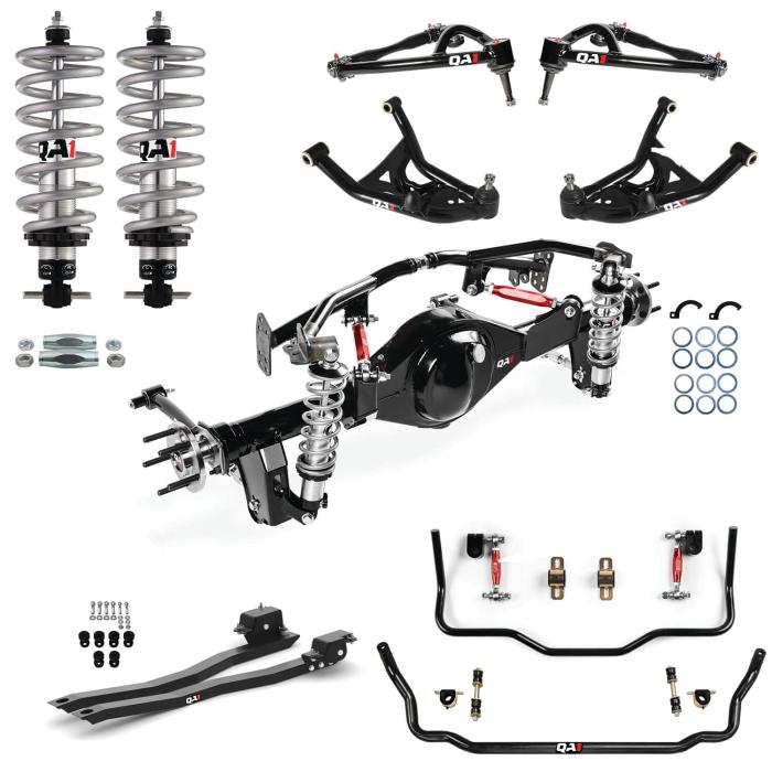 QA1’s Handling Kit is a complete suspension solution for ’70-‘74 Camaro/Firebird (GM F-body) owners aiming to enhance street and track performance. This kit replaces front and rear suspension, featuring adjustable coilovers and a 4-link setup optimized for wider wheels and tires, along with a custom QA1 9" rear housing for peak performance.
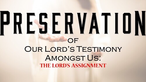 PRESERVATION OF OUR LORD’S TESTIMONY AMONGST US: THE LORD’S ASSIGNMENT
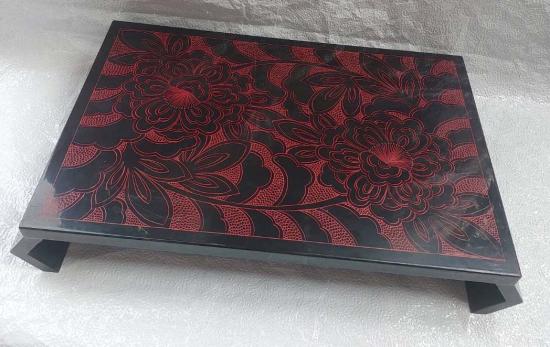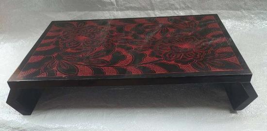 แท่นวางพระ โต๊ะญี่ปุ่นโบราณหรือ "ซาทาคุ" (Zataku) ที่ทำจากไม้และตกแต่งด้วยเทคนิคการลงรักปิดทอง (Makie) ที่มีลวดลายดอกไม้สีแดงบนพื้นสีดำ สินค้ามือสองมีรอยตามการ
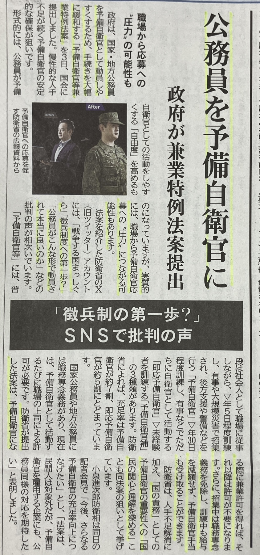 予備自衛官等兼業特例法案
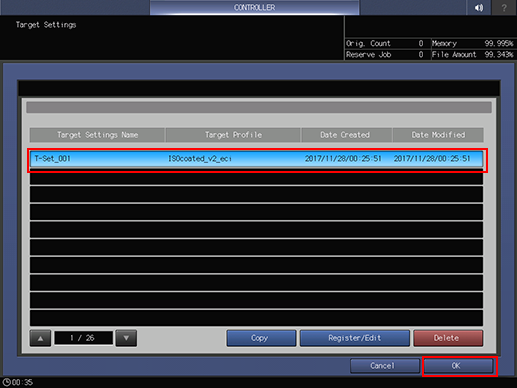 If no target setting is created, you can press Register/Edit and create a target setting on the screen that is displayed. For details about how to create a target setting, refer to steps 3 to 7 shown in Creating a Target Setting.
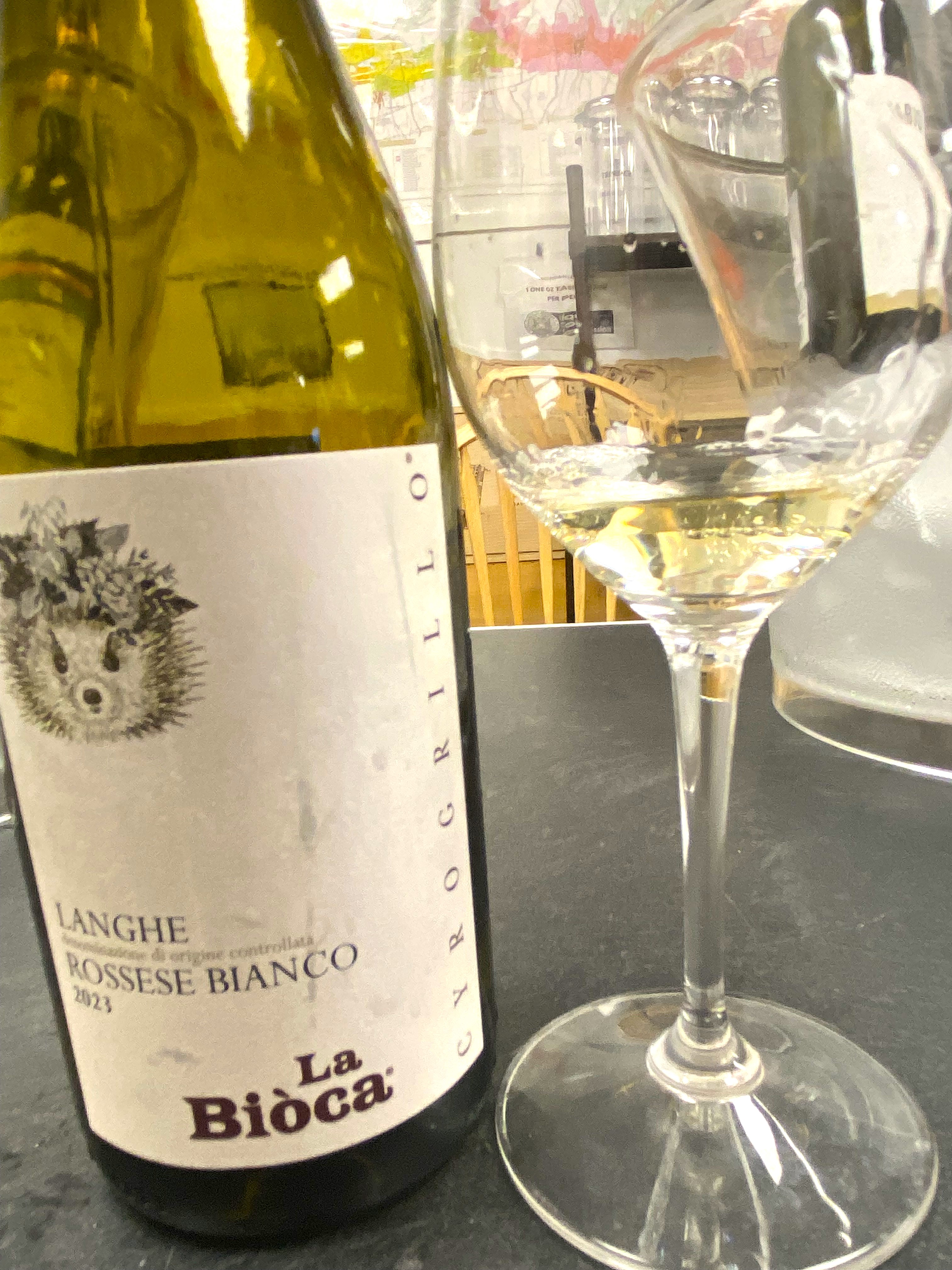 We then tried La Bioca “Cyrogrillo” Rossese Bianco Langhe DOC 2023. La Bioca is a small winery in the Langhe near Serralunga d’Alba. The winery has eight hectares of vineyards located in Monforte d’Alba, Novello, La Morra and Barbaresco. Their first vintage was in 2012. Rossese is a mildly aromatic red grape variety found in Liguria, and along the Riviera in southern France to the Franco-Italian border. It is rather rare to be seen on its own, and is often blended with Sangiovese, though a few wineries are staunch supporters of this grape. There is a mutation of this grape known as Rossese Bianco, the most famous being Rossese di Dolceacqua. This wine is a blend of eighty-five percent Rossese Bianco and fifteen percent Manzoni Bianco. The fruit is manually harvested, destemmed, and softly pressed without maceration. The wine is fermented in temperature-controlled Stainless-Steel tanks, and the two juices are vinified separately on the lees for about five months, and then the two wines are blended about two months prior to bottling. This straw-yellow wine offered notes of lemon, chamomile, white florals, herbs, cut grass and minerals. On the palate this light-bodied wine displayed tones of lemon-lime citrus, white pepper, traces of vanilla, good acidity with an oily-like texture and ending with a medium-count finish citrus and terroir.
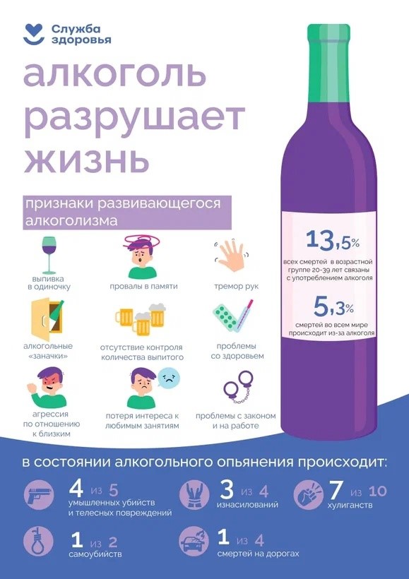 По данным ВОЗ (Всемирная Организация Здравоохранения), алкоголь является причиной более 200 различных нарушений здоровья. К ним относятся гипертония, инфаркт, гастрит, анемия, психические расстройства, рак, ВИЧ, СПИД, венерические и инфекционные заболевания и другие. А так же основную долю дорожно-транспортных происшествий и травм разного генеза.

**Work to complete**
The response must repeat exactly the lines above from the one with "予備自衛官等兼業特例法案" through the one with "If no target", including both, and must contain no pictures and no other text.

**Response area**
 予備自衛官等兼業特例法案
 If no target setting is created, you can press Register/Edit and create a target setting on the screen that is displayed. For details about how to create a target setting, refer to steps 3 to 7 shown in Creating a Target Setting.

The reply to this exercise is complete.